=== Section Start ===

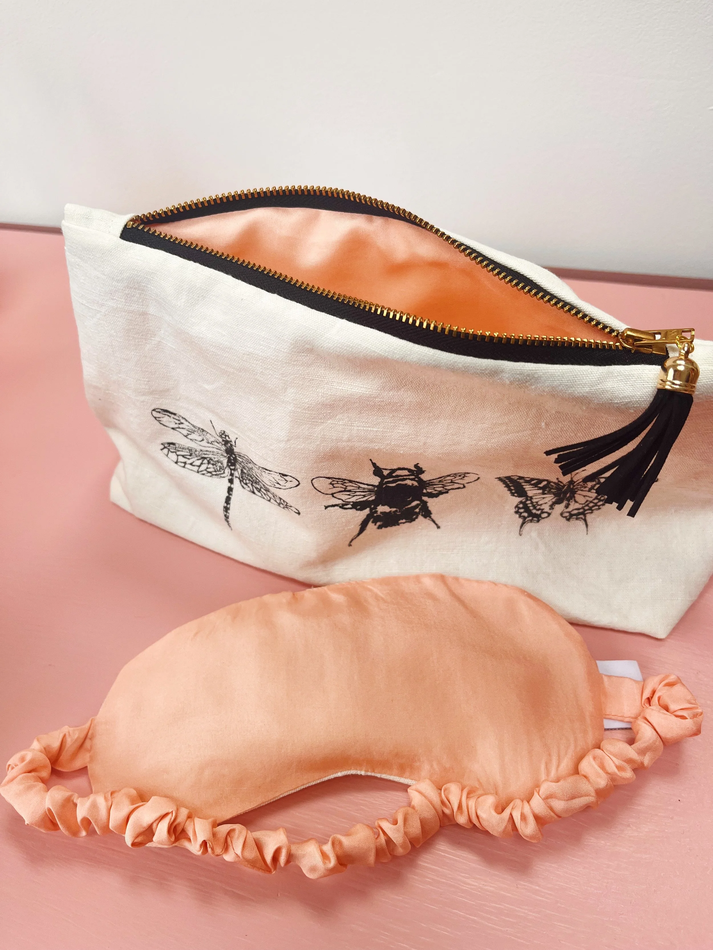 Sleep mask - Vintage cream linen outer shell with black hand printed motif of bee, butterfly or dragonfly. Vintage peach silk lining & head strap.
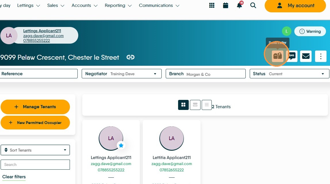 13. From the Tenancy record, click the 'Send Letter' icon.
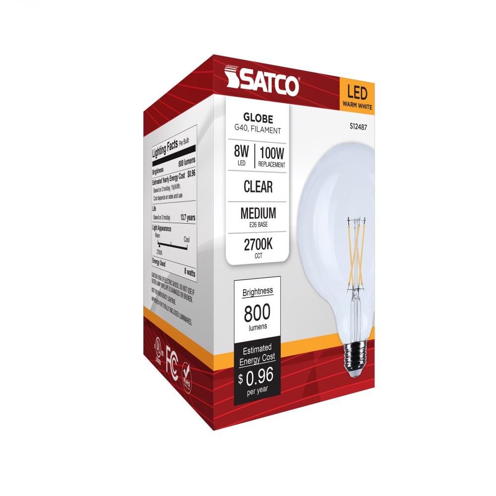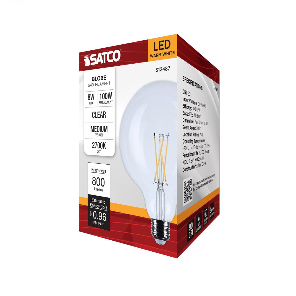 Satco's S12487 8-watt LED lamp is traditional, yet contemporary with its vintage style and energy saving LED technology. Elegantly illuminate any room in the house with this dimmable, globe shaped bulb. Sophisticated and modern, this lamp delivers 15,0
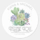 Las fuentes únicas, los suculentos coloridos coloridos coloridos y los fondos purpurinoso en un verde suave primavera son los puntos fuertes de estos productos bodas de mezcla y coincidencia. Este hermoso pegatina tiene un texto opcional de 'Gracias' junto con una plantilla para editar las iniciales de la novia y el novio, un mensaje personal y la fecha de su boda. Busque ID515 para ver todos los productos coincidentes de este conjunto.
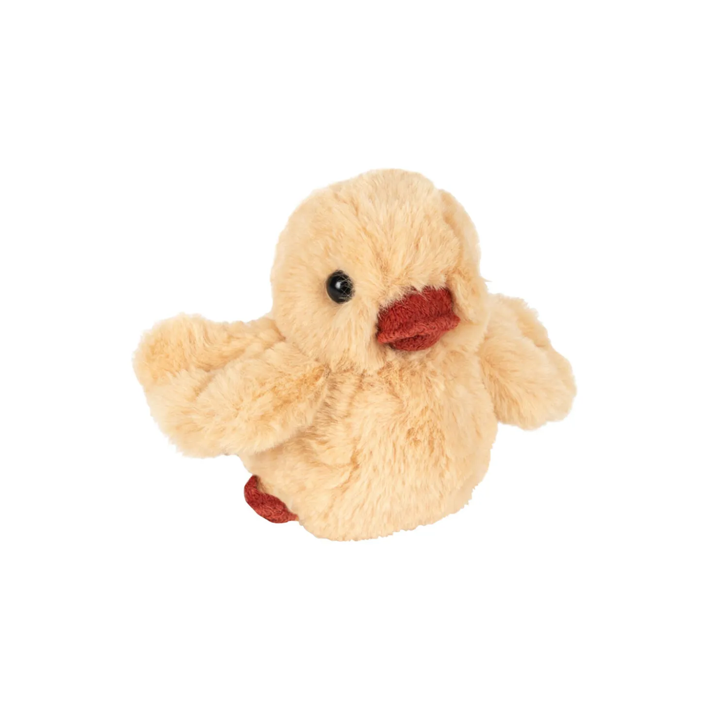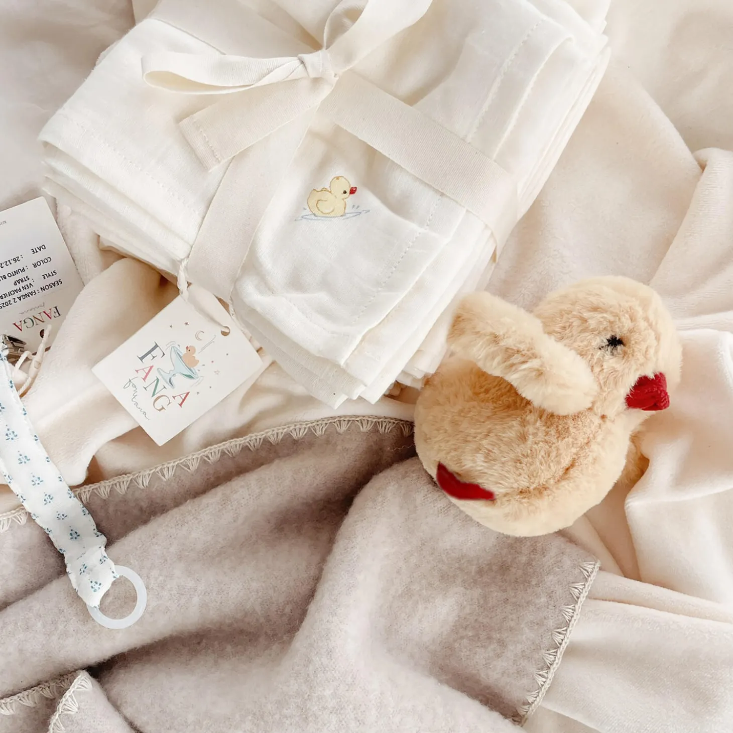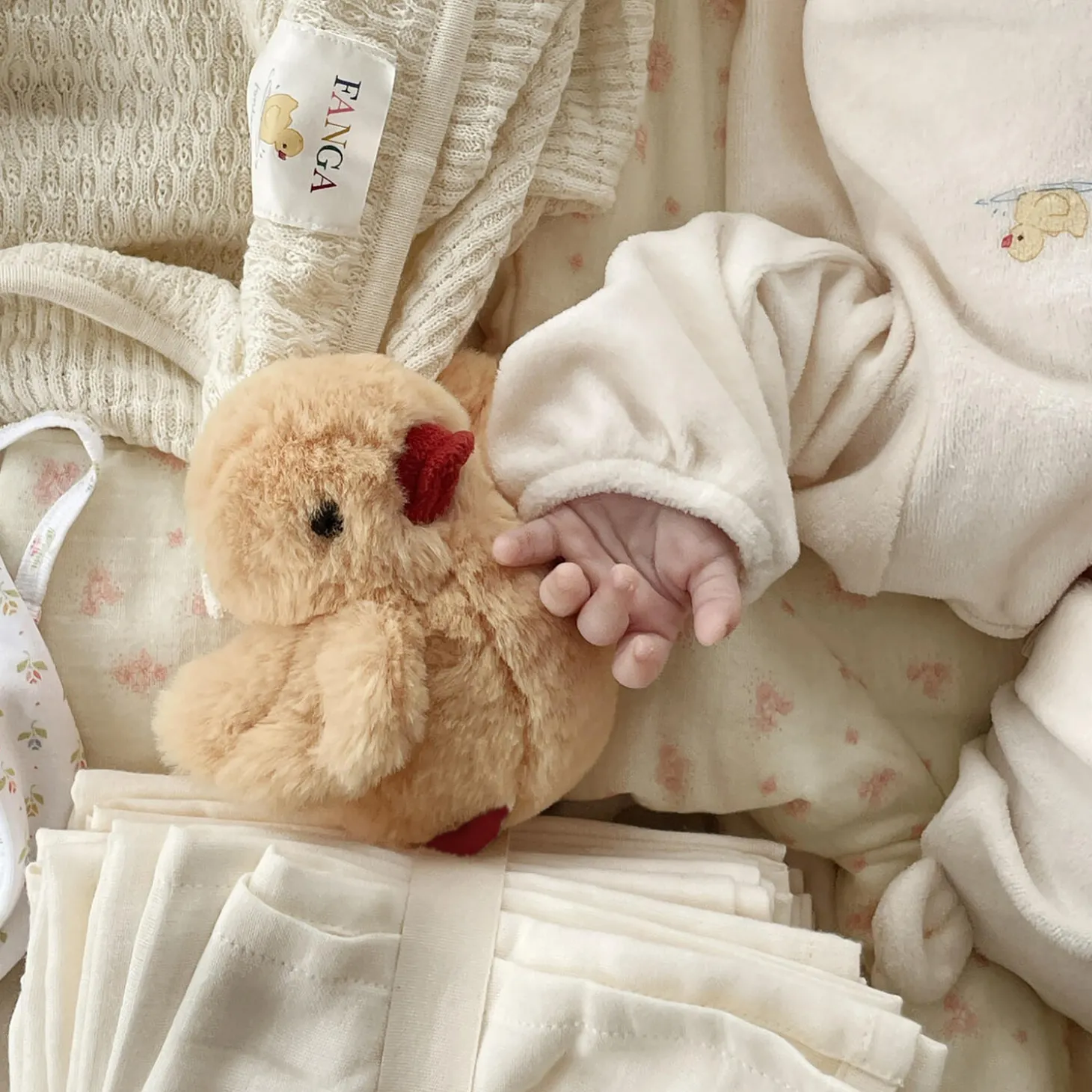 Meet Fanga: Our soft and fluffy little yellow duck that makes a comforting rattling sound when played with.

=== Section End ===

What is needed
Print the part of the listing above that opens with the line containing "13. From the" and closes with the line containing "Satco's S12487 8-watt". Copy it exactly, both ends included, and omit the pictures.

Solution for this task
 13. From the Tenancy record, click the 'Send Letter' icon.
 Satco's S12487 8-watt LED lamp is traditional, yet contemporary with its vintage style and energy saving LED technology. Elegantly illuminate any room in the house with this dimmable, globe shaped bulb. Sophisticated and modern, this lamp delivers 15,0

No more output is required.